I was not surprised that the linear regression model had the highest RMSE. Although the linear regression model is a powerful one, its weakness is when there is variety in the data that doesn't quite line up linearly. I did think this was a good starting point because it gave us a baseline of the relation between the features and the outputs.

I really didn't know what to expect from the ridge regression model. I was surprised that it wasn't that much better than the linear model. Ridge regression models do well when the features are highly correlated, I was thinking that might be the case so I wanted to try it out and see the results.

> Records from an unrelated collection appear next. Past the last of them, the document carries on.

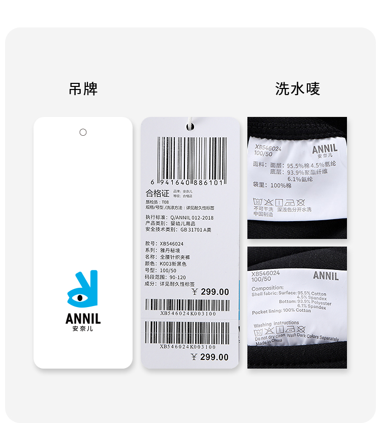 【实体店同款】男童全腰针织夹裤冬季新款安奈儿童装XB546024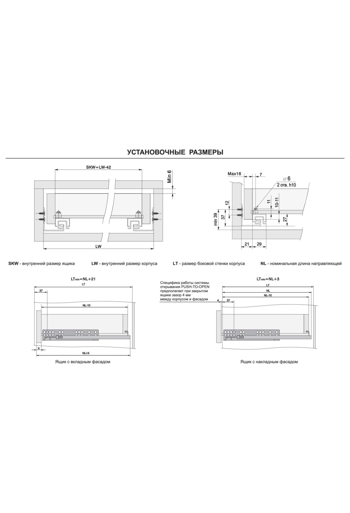 | Метод крепления направляющих (Скрытые направляющие) | Надвижной быстрый монтаж (с пласт. фиксатором) |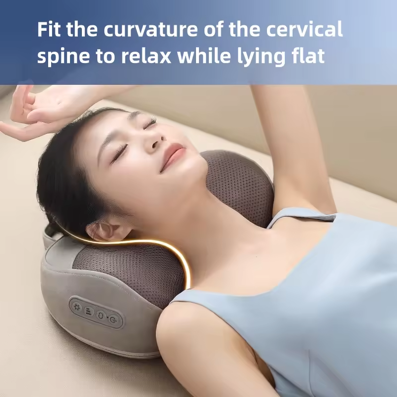 Blue Electric Portable Multi-Functional Cervical Massage Pillow Vibration Kneading Cervical Repair Traction Home Neck Massage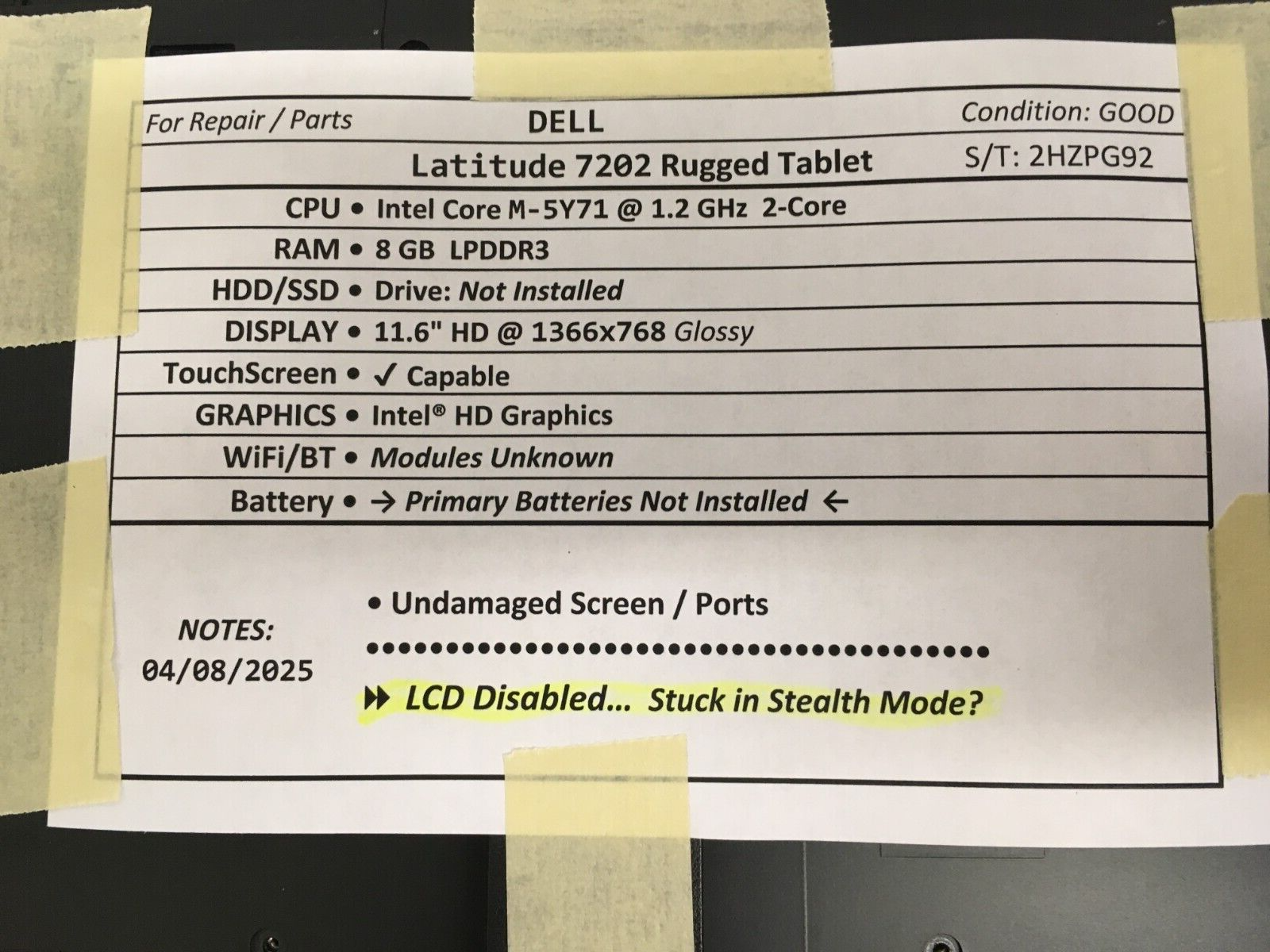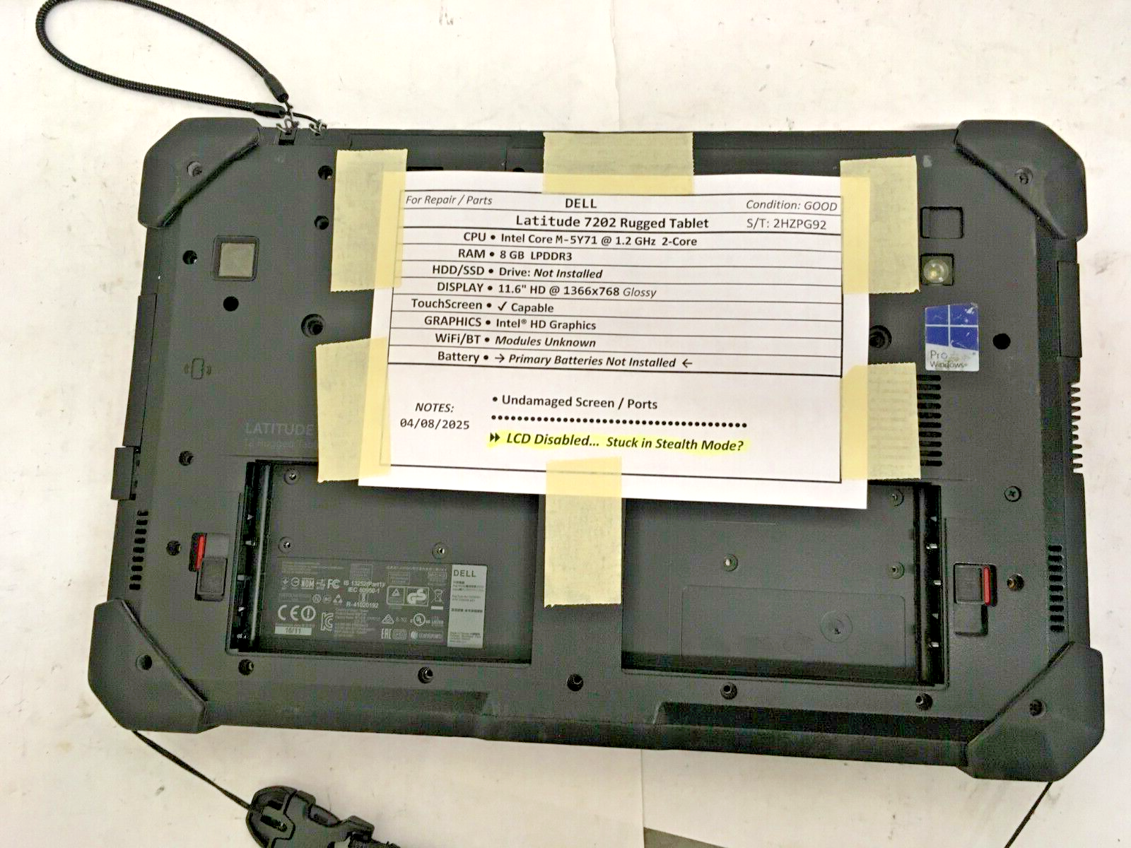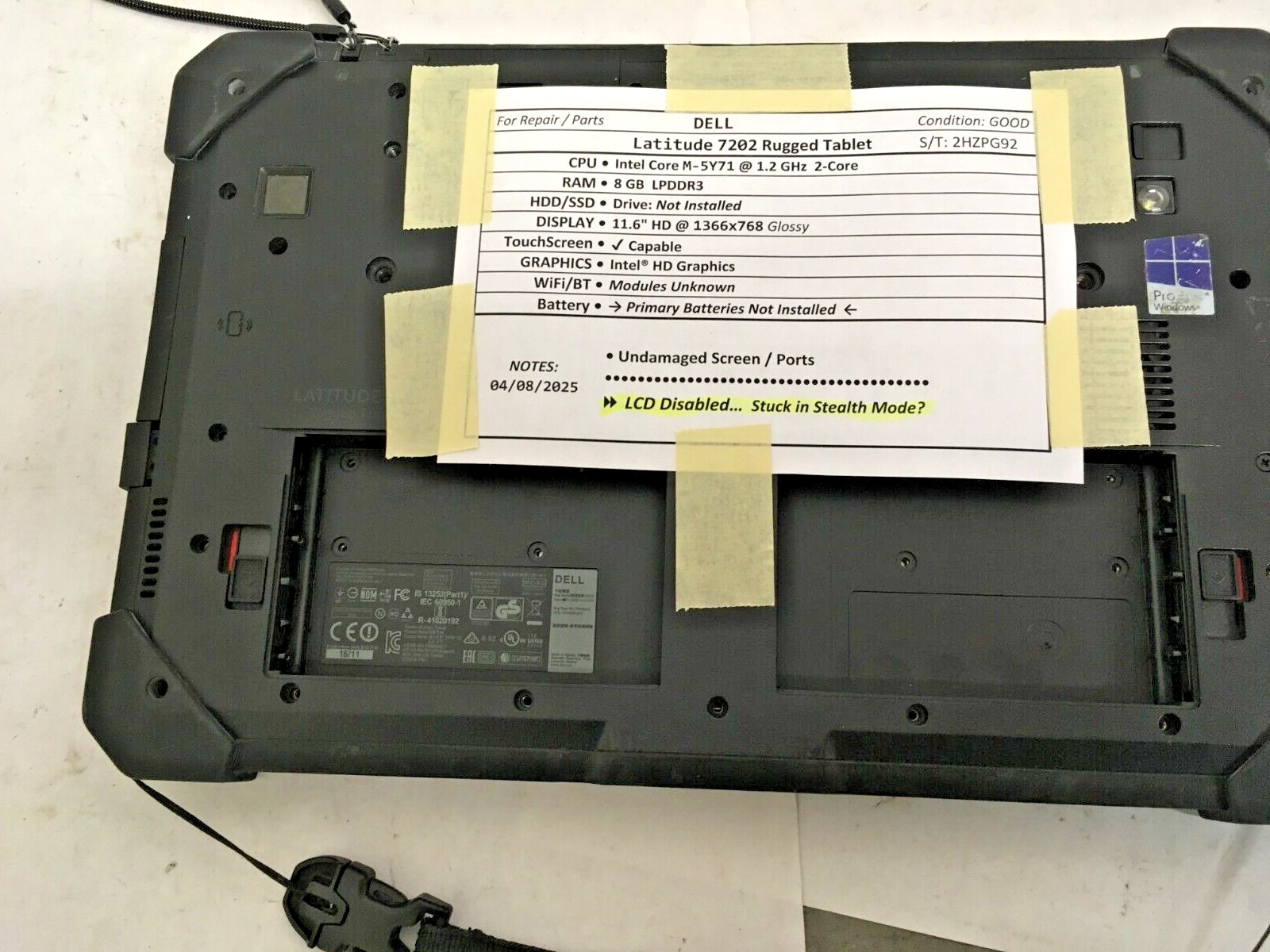 Dell Latitude 7202 Rugged Tablet 11.6" - LCD DISABLED - Intel M-5Y71 8GB RAM

I was not surprised that the random forest model was the best performing model. It is a very powerful model that seems to do well for both regression and classification models. I found it very interesting that the model was able to better predict the heating load over the cooling load. The model's prediction was better for cooling loads under 25 but struggled a bit when it was over 25. My hypothesis is that cooling load is more difficult to predict because of sun beating down on the beating. This might also explain why the cooling loads are higher than the heating loads. It might be more difficult to maintain room temperature if the sunlight is countering the cooling affects.

The ensemble landed up having a RMSE that landed in the middle of the results. This made sense to me sense we were taking the mean from the three models. I think the ensemble would do really well when applied to a large data set due to its middle of the road approach.

# 6. Conclusion

## 6.1 summary

We were able to predict the heating and cooling load of buildings by using a dataset of building features and heating and cooling loads. We used supervised machine learning to create predictions. We had a total of 4 regression models: linear regression, ridge regression, random forest, an ensemble of first 3 models. Random forest was our best model for predicting heating load with a RMSE of .63. The random forest model was also the best model for predicting the cooling load with a RMSE of 1.26.    

## 6.2 limitations

The limitation of this model is the size of the dataset. We are only looking at a sample of 768 buildings. With more data with more variety of buildings I think we could see a more robust model.

I would also like to see a model with more features. I think there was a lot of information that was missing from the dataset. Where are these buildings located? Do they experience the same climate, etc...

## 6.3 next steps

The next step would be to use this model to predict the heating and cooling load of the next home or building that you plan on purchasing!